### PROVIDED INFORMATION

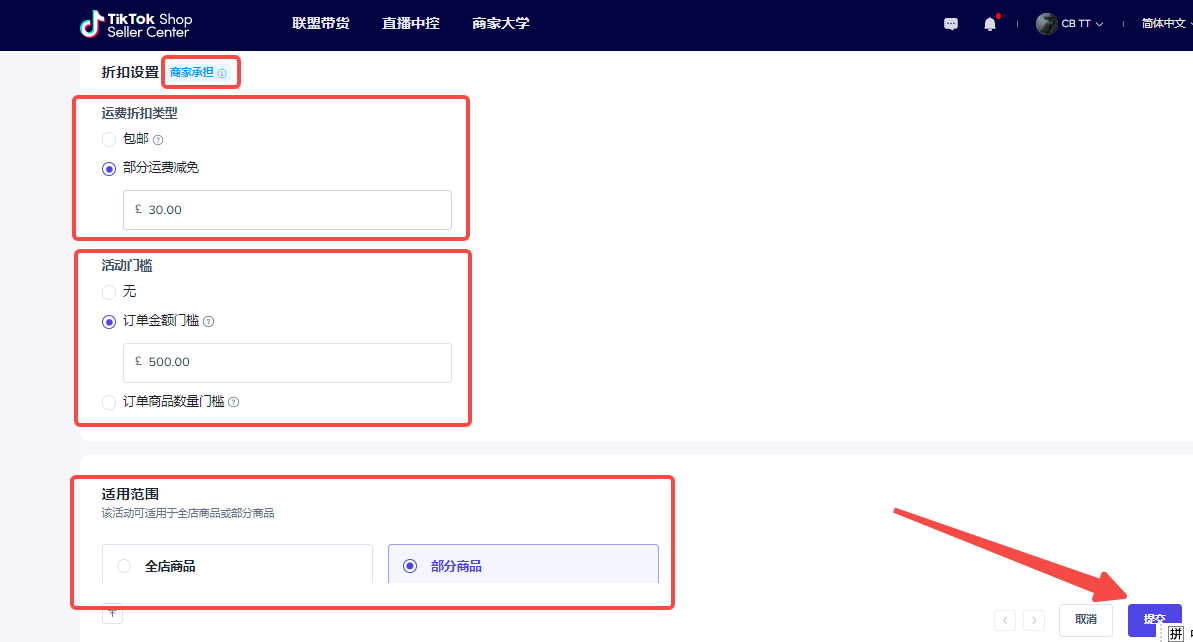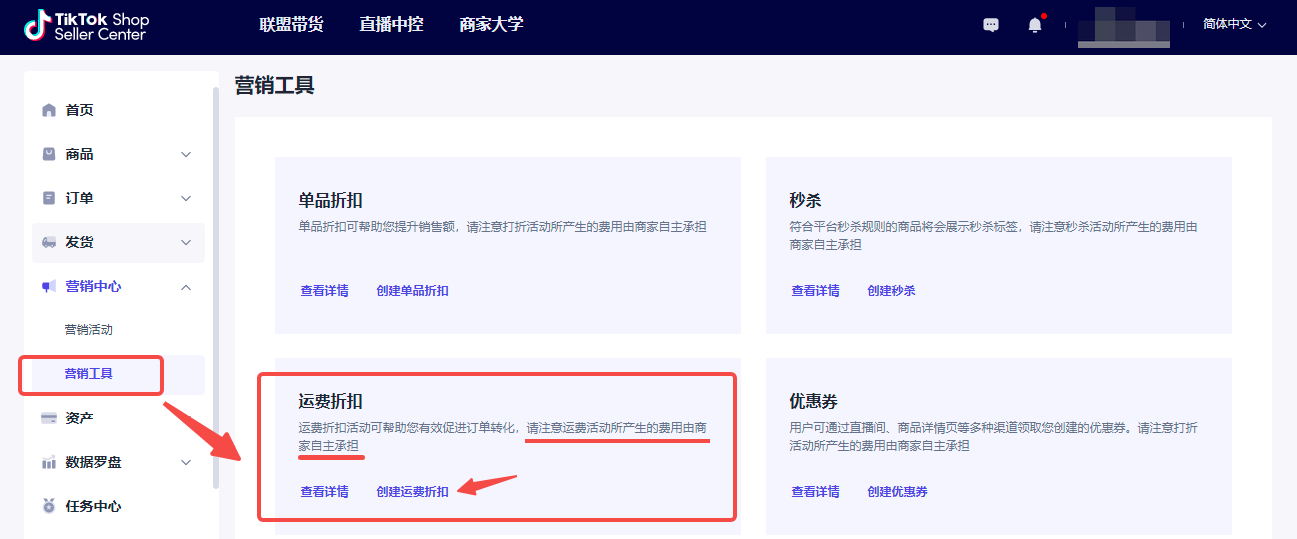 | 入口 | 营销中心-运费折扣 https://seller.tiktokglobalshop.com/promotion/free-shipping 注意:运费活动所产生的费用由商家自主承担 | ![]() ![]() |
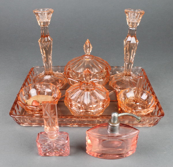 pair of candlesticks, 2 circular jars and covers, circular jar and a ring tree together with a pink tinted glass boat shaped perfume atomiser 2" (chips to base) and pink glass scent bottle 4"
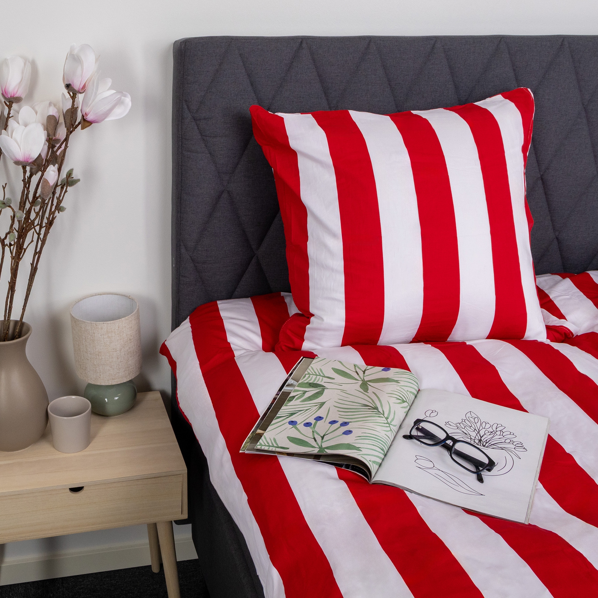 Det brede stripete trykket gir et skarpt og harmonisk uttrykk. Kombinasjonen av røde og hvite striper gir soverommet et avslappet og rolig uttrykk, samtidig som designet er lett å kombinere med ulike puter.
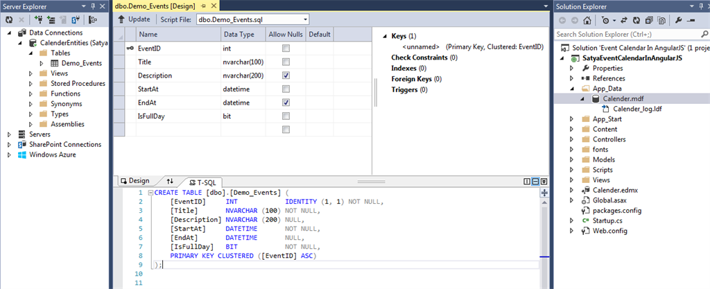 Create a database named "Calender" in the App_Data folder. Inside this database, create a new table named "Demo_Events".
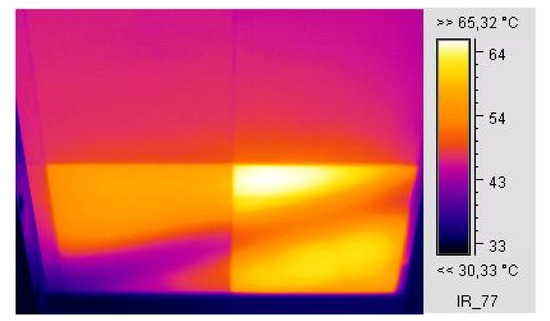 The EVA browning in one of the cells of the c-Si M55 module created an effect of partial shading, leading to a current drop of 0.25 A in the operating conditions, as shown in the I–V characteristic (Figure 4a), which in turn led to the affected cell operating at a higher temperature by about 34 °C from the neighbouring unaffected cells of the module, as shown in the IR thermography (Figure 4b). The module I–V characteristic was measured using I–V curve analyser PV-KLA (Ingenieurbüro Mencke & Tegtmeyer GmbH, Hameln, Germany) and the IR thermography was captured using an IR camera IC085LV (TROTEC GmbH, Heinsberg, Germany). Equation (1b), for n = 18 and Vd = 0.6 V and considering (hc + hr)f +(hc + hr)b about 20 W/m2K at the conditions of the experiment vw = 2.1 m/s, IT = 760 W/m2, and Ta = 30.9 °C, predicted the temperature of the affected cell Tpv = 74 °C, which is in agreement with the IR thermography (Figure 4b) showing the affected cell reaching temperatures between 74–79 °C. This explains that the PV temperature pattern developed was due to the current mismatch caused by the cell exhibiting EVA browning.
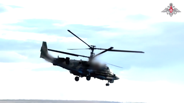 Экипаж армейской авиации на вертолете Ка-52 нанес удар авиационными средствами поражения по скоплению живой силы, бронированной и автомобильной военной технике подразделений ВСУ в приграничном районе Курской области.
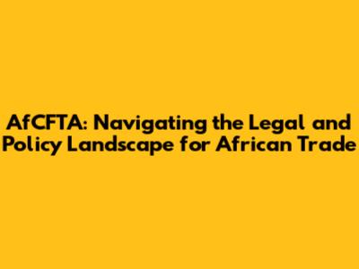 AfCFTA: Legal & Policy Frameworks For Trade In Africa
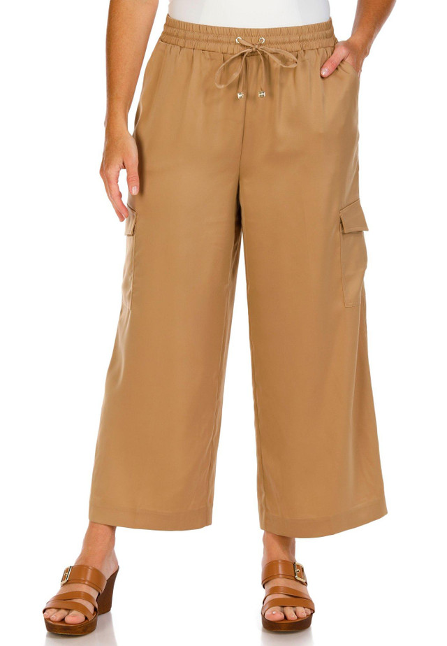 Chic and comfortable, the Women's 25 in Pull-On Satin Wide Leg Crop Pants feature a solid color, wide leg fit, and cropped length. Designed with a drawstring elastic waistband, side seam and cargo pockets, they blend utility with a soft, satin finish for effortless style. Fabrication 97% polyester, 3% elastane

### EXERCISE DESCRIPTION
Give back exactly the lines above from the one with "Create a database" through the one with "The EVA browning", both included. Pictures don't belong in the copy.

### SOLVED PROBLEM
 Create a database named "Calender" in the App_Data folder. Inside this database, create a new table named "Demo_Events".
 The EVA browning in one of the cells of the c-Si M55 module created an effect of partial shading, leading to a current drop of 0.25 A in the operating conditions, as shown in the I–V characteristic (Figure 4a), which in turn led to the affected cell operating at a higher temperature by about 34 °C from the neighbouring unaffected cells of the module, as shown in the IR thermography (Figure 4b). The module I–V characteristic was measured using I–V curve analyser PV-KLA (Ingenieurbüro Mencke & Tegtmeyer GmbH, Hameln, Germany) and the IR thermography was captured using an IR camera IC085LV (TROTEC GmbH, Heinsberg, Germany). Equation (1b), for n = 18 and Vd = 0.6 V and considering (hc + hr)f +(hc + hr)b about 20 W/m2K at the conditions of the experiment vw = 2.1 m/s, IT = 760 W/m2, and Ta = 30.9 °C, predicted the temperature of the affected cell Tpv = 74 °C, which is in agreement with the IR thermography (Figure 4b) showing the affected cell reaching temperatures between 74–79 °C. This explains that the PV temperature pattern developed was due to the current mismatch caused by the cell exhibiting EVA browning.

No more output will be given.